Top of Available records

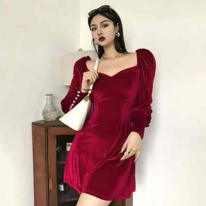 天猫店下架一批法式赫本风方领丝绒连衣裙女轻奢气质名媛收腰显瘦开叉修身连...
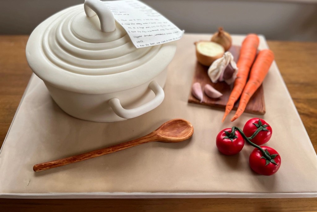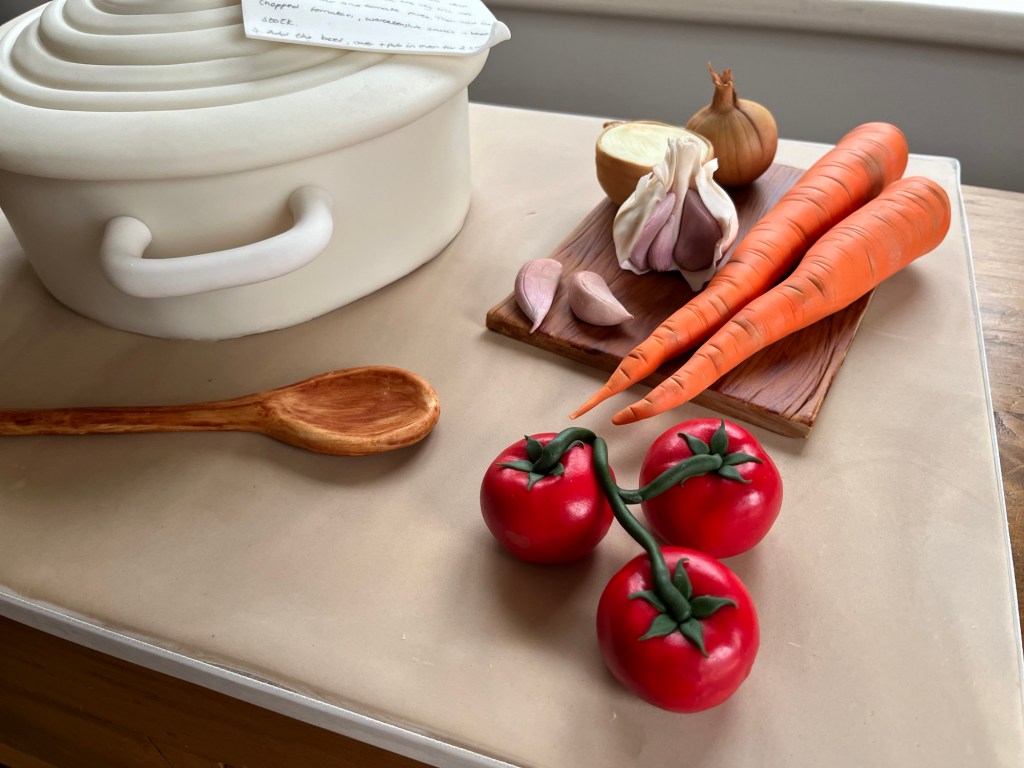 The wooden chopping board and spoon were brushed with some watered down food colouring to give a more realistic wood effect. I inserted some wire into the ends of the handles and let it dry before I secured them in place using edible glue. The cake was a fruit cake covered with marzipan and then iced with white icing to look like a stew pot.
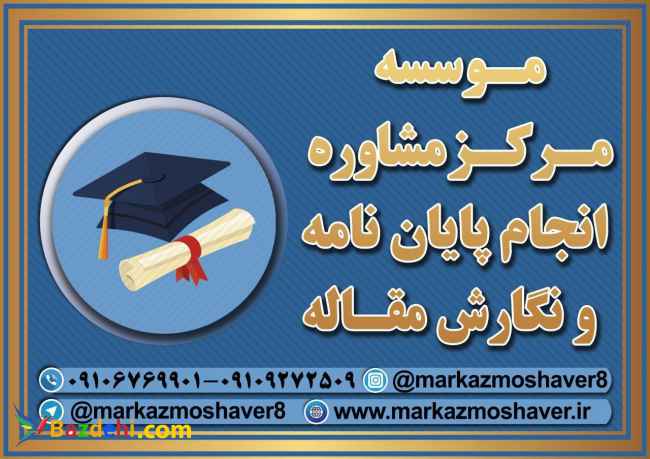 مشاوره در نگارش پایان نامه کارشناسی ارشد ورساله دکتری در تمامی رشته ها با بهره گیری از اساتید مجرب دانشگاه های معتبر تهران و کشور موسسه مرکز مشاور کار خود را از سال 93 در ضمینه مشاوره پایان نامه و پروپوزال کارشناسی ارشد و رساله دکتری و همچنین نگارش مقاله ارشد و دکتری و تحلیل آماری شروع کرده است. ارتباط مستقیم و آسان با متخصص انجام پروژه و خدمات بدون محدودیت در اموزش نرم افزاری پروژه و پشتیبانی صحت فایلهای پروژه تا یک ماه بعد از انجام پروژه از مواردیست که برای از بین بردن نگرانی شما عزیزان نسبت به پروژه تان در نظر گرفته ایم. شما می توانید از طریق سایت موسسه مرکز مشاور یا تماس با شماره های زیر سفارش خود را ثبت نمایید. شماره تماس: 09106769901- 09109272509- 03145267077
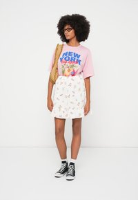 Απαλό ροζ κοντό t-shirt με μπλε και κόκκινο γραφικό κείμενο που γράφει "New York Big Apple", με εικόνα ροδάκινου και λευκή φλοράλ φούστα.
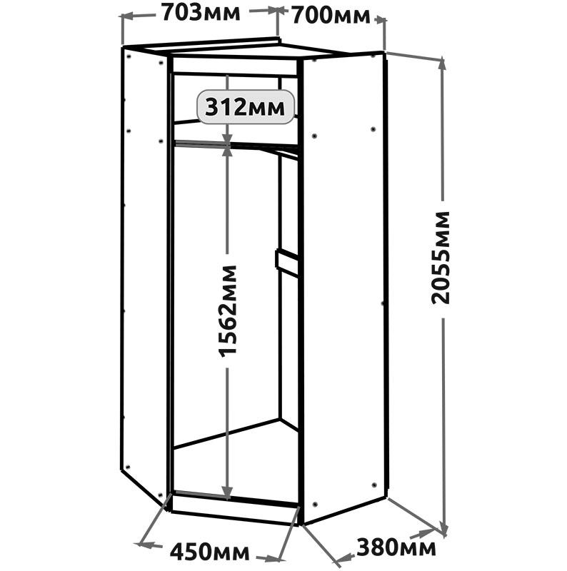 Кутова шафа EVEREST Соната 700 – це стильне й функціональне рішення для організації простору у передпокої, спальні або гардеробній. Компактні розміри дозволяють розмістити її навіть у невеликому приміщенні, а сучасний дизайн робить її універсальним елементом інтер’єру.
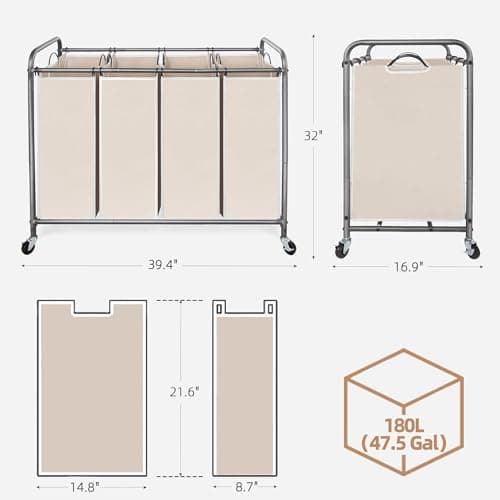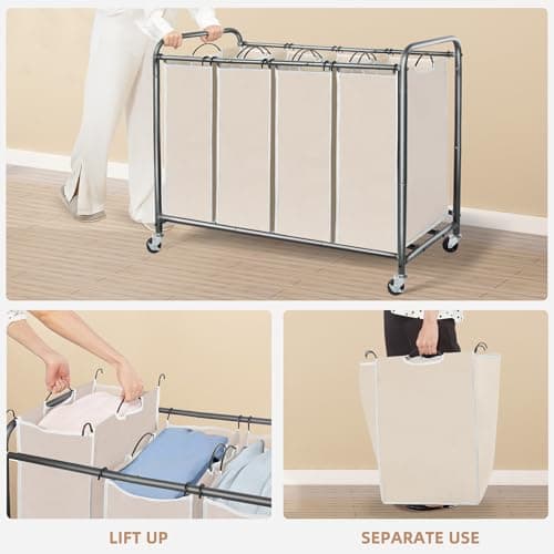 STORAGE MANIAC Laundry Sorter 4 Section, 47.8 Gal (181 L) Laundry Hamper with Wheels, Clothes Divider Basket Sorter, Clothes Separator Hamper Cart with Wheels and Removable Bags, Beige
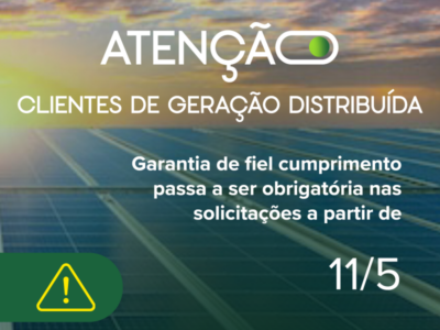 MUDANÇA NAS REGRAS PARA MINIGERAÇÃO DISTRIBUÍDA O consumidor interessado em implantar minigeração distribuída com potência instalada superior a 500 kW deve apresentar à distribuidora a garantia de fiel cumprimento na ocasião do protocolo da solicitação de orçamento de conexão. Portanto, a Cemig Distribuição informa que todos os clientes que se enquadram no comando regulatório s...
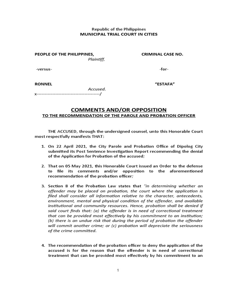 Comments And/Or Opposition: Municipal Trial Court in Cities PDF
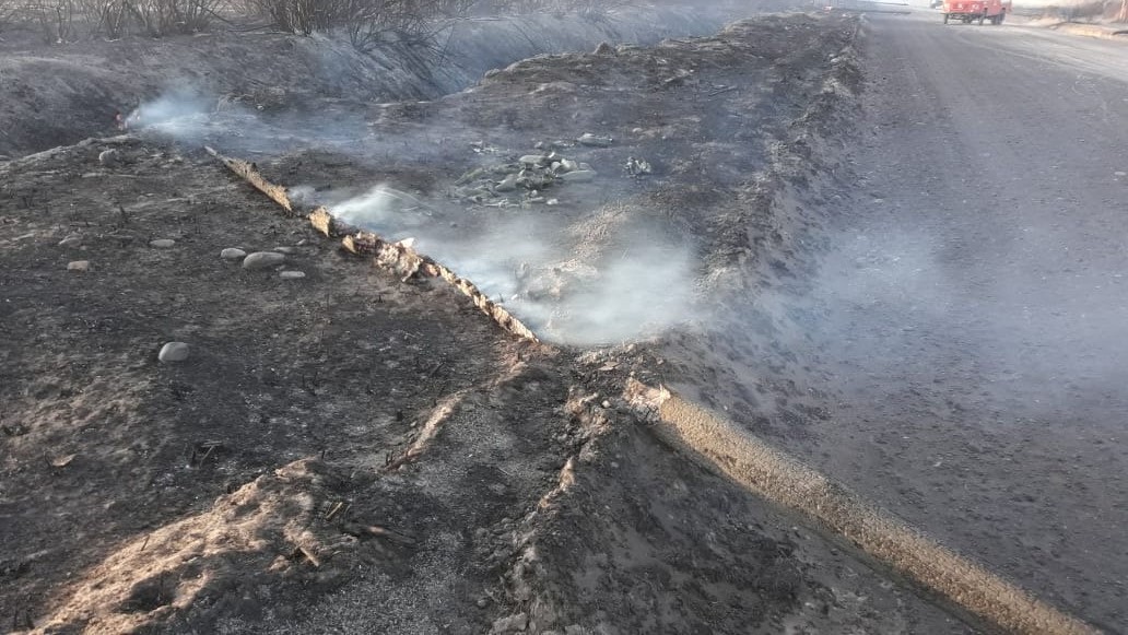Ruta 65: incendio cerca del INTA viejo provocó la caída de cableado
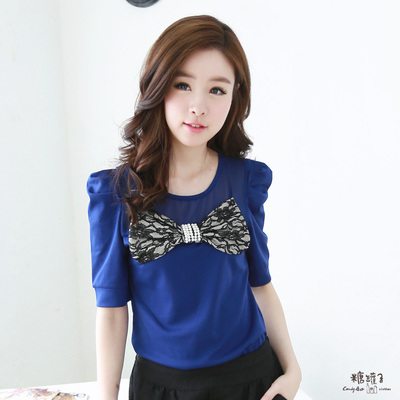 • 珍珠蕾絲蝴蝶結突顯整體重點拼接的雪紡布料柔和了線條感,穿上牛仔短褲不經意地透露出時尚的優雅品味與穿著質感喔~
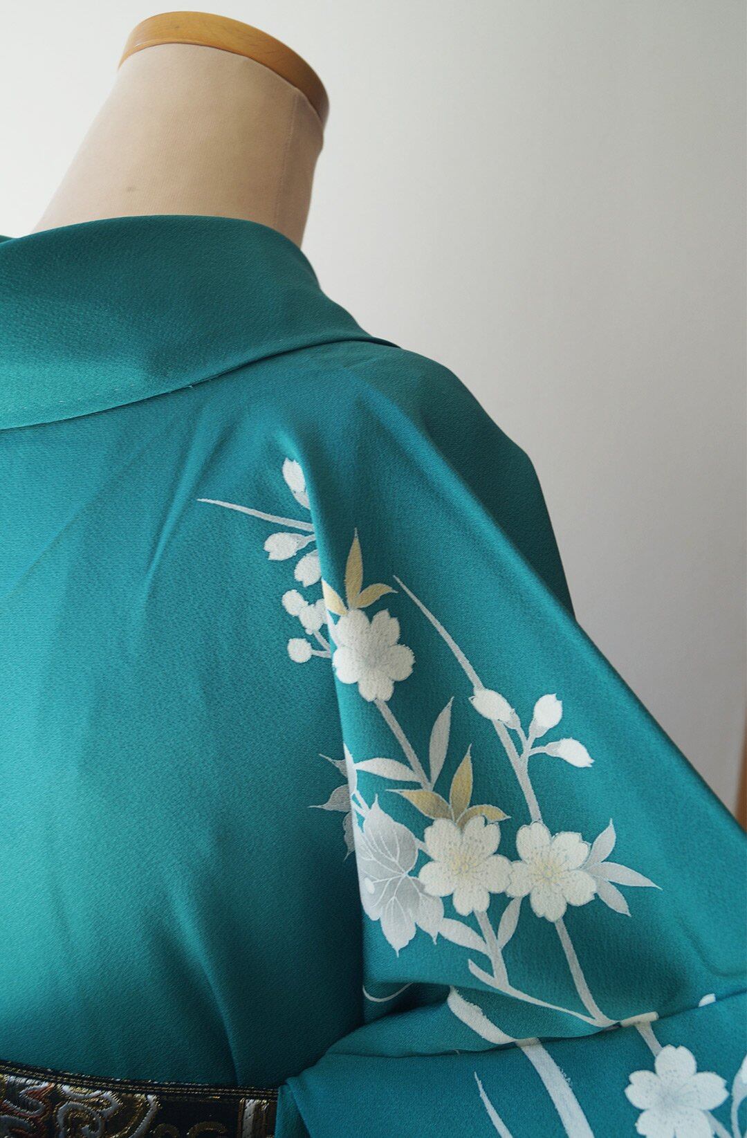 上前には椿に刺繍も施され、立体感の
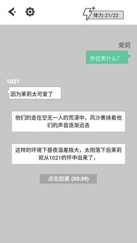 3、用第三人称的身份逐渐引导1021和Jasmine在末日下做出各种选择,从而导致不同的结局。
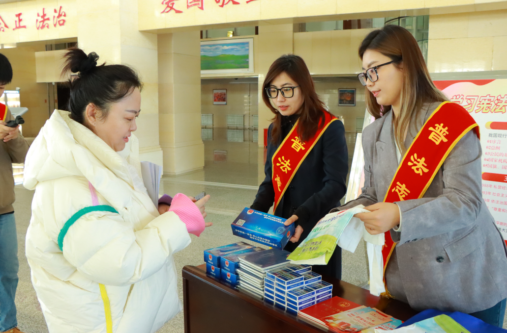 在第十二個“國家憲法日”來臨之際,內(nèi)蒙古自治區(qū)呼倫貝爾市司法局普法志愿者帶著滿滿的“法治干貨”,共赴一場“憲法之約”。普法志愿者在河西新區(qū)政務綜合樓機關二樓南門搭建普法宣傳展臺?,F(xiàn)場擺放著憲法主題宣傳展板,普法志愿者以通俗易懂的語言,結(jié)合展板內(nèi)容向往來的機關干部職工講解憲法的發(fā)展歷程、憲法的作用、憲法保障公民的基本權(quán)利等內(nèi)容,帶來“零距離”的普法服務,有效增強了國家工作人員的法治觀念和法律意識。

Bottom of Available records

▶ [Exercise]
Once the line with "STORAGE MANIAC Laundry" is found above, print it and every line after it through the line with "3、用第三人称的身份逐渐引导", exactly. Pictures stay out.

▶ [Your solution]
 STORAGE MANIAC Laundry Sorter 4 Section, 47.8 Gal (181 L) Laundry Hamper with Wheels, Clothes Divider Basket Sorter, Clothes Separator Hamper Cart with Wheels and Removable Bags, Beige
 MUDANÇA NAS REGRAS PARA MINIGERAÇÃO DISTRIBUÍDA O consumidor interessado em implantar minigeração distribuída com potência instalada superior a 500 kW deve apresentar à distribuidora a garantia de fiel cumprimento na ocasião do protocolo da solicitação de orçamento de conexão. Portanto, a Cemig Distribuição informa que todos os clientes que se enquadram no comando regulatório s...
 Comments And/Or Opposition: Municipal Trial Court in Cities PDF
Ruta 65: incendio cerca del INTA viejo provocó la caída de cableado
 • 珍珠蕾絲蝴蝶結突顯整體重點拼接的雪紡布料柔和了線條感,穿上牛仔短褲不經意地透露出時尚的優雅品味與穿著質感喔~
 上前には椿に刺繍も施され、立体感の
 3、用第三人称的身份逐渐引导1021和Jasmine在末日下做出各种选择,从而导致不同的结局。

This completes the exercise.